Sorry. Just a misunderstanding. Any offense was intended toward a tyrannical government, NOT the good citizens of Canada.


----------



## Isa (Feb 21, 2011)

*RE: Importation of turtles/tortoises/eggs into Canada is ilegal*

LOL Ah ok, I thought you were saying that Canadians were ignorant  Sorry about my reply.

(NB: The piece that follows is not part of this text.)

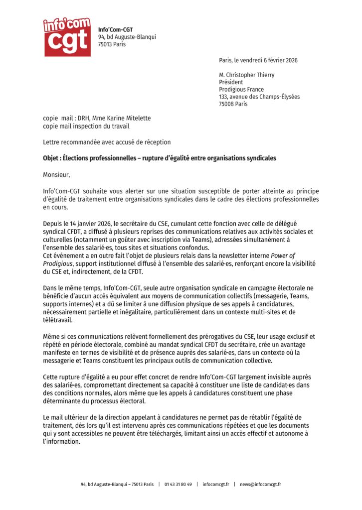 Dans le même temps, Info’Com-CGT, seule autre organisation syndicale en campagne électorale ne bénéficie d’aucun accès équivalent aux moyens de communication collectifs (messagerie, Teams, supports internes) et a dû se limiter à une diffusion physique de ses appels à candidatures, nécessairement partielle et inégalitaire, particulièrement dans un contexte multi-sites et de télétravail.

I thought there was a better explanation than that. But I am still asking my self, why is it ok for all reptiles but not tortoises and turtles, I guess we will never know.
Pet stores and breeders here (there are not a lot) know that and tortoises here are expensive. Per exemple, I have paid 400$ + taxes for Hermy.


----------



## mike1011 (Feb 21, 2011)

*RE: Importation of turtles/tortoises/eggs into Canada is ilegal*

I crossed the border last Sept. to visit the Falls, didnt bring any torts but did bring three kids infected with God only knows! We visited Marine World, its a zoo/amusement park and a great place for the family. Only five minutes from the Falls on the Canadian side. Doesnt pertain but thought its worth mentioning.


----------



## jackrat (Feb 21, 2011)

*RE: Importation of turtles/tortoises/eggs into Canada is ilegal*

Are chickens illegal in Canada?


----------



## Tom (Feb 21, 2011)

*RE: Importation of turtles/tortoises/eggs into Canada is ilegal*



Isa said:


> LOL Ah ok, I thought you were saying that Canadians were ignorant  Sorry about my reply.
> 
> I thought there was a better explanation than that. But I am still asking my self, why is it ok for all reptiles but not tortoises and turtles, I guess we will never know.
> Pet stores and breeders here (there are not a lot) know that and tortoises here are expensive. Per exemple, I have paid 400$ + taxes for Hermy.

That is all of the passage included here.